If the column and row detection is not according to your wish you can also tune the sensitivity of the model by manually entering into the extractable/StructureDetector.py file and going to line 166 to 178. Here, extractable decides which columns and rows to keep and which to 'throw away' based on TATR's confidence.

if not (label == 1 and score <= .88) and \  #This means only keep columns when confidence is higher than 88%
not (label == 2 and score <= .64) and \     #This means only keep rows when confidence is higher than 64%

I understand that this is a temporary solution, I am working on allowing these values to be passed in as input variables in the extract() function so you dont need to get into the code to change them.

I hope you got some value out of it.
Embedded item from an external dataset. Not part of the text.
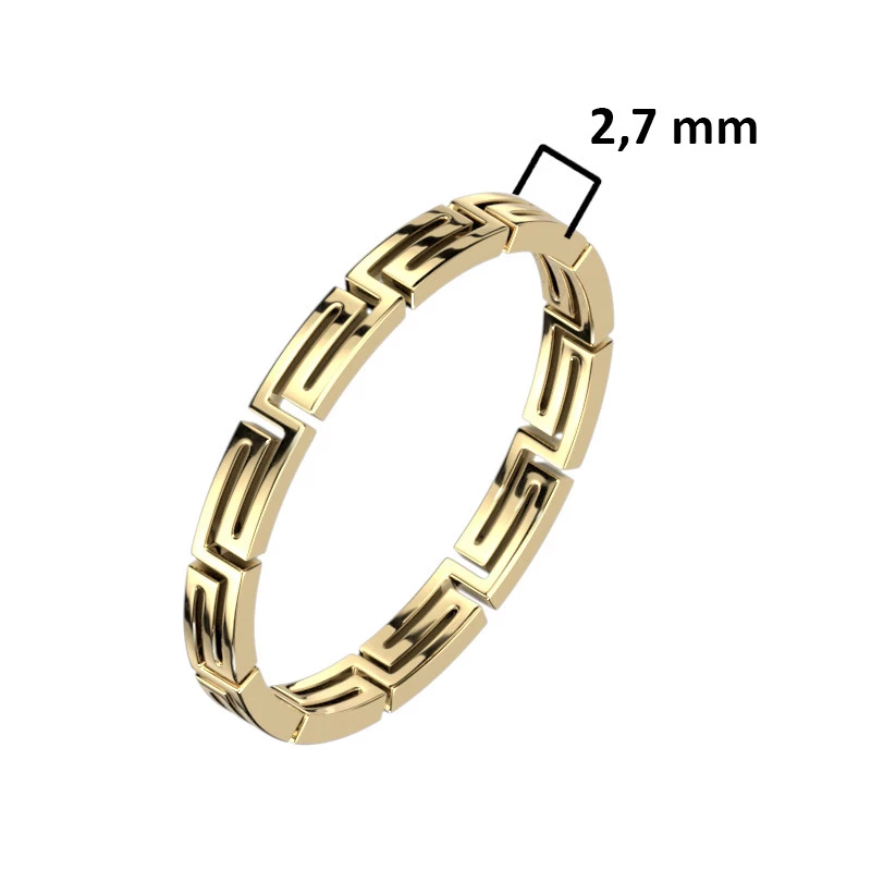 Ocelový prsten z chirurgické oceli. Prsten je po celém svém obvodu dekorován motivem řeckého klíče

If you have any feedback or suggestions regarding extractable, let me know!

mirix commented 7 months ago

I have provided the tokens as a list of dictionaries as suggested here:

https://github.com/microsoft/table-transformer/blob/main/docs/INFERENCE.md

However, it seems it is completely ignored.

I guess that the bounding boxes differ a bit, but still...

omid-ghozatlou commented 2 weeks ago

Hello everyone! I have some unstructured tables which they confuse LLM to extract correct values of tables. I was thinking to use this code to extract tables in CSV format and then I feed LLM. However @linkstatic12 said this code does not give OCR. What do you recommend me to extract correct table csv format?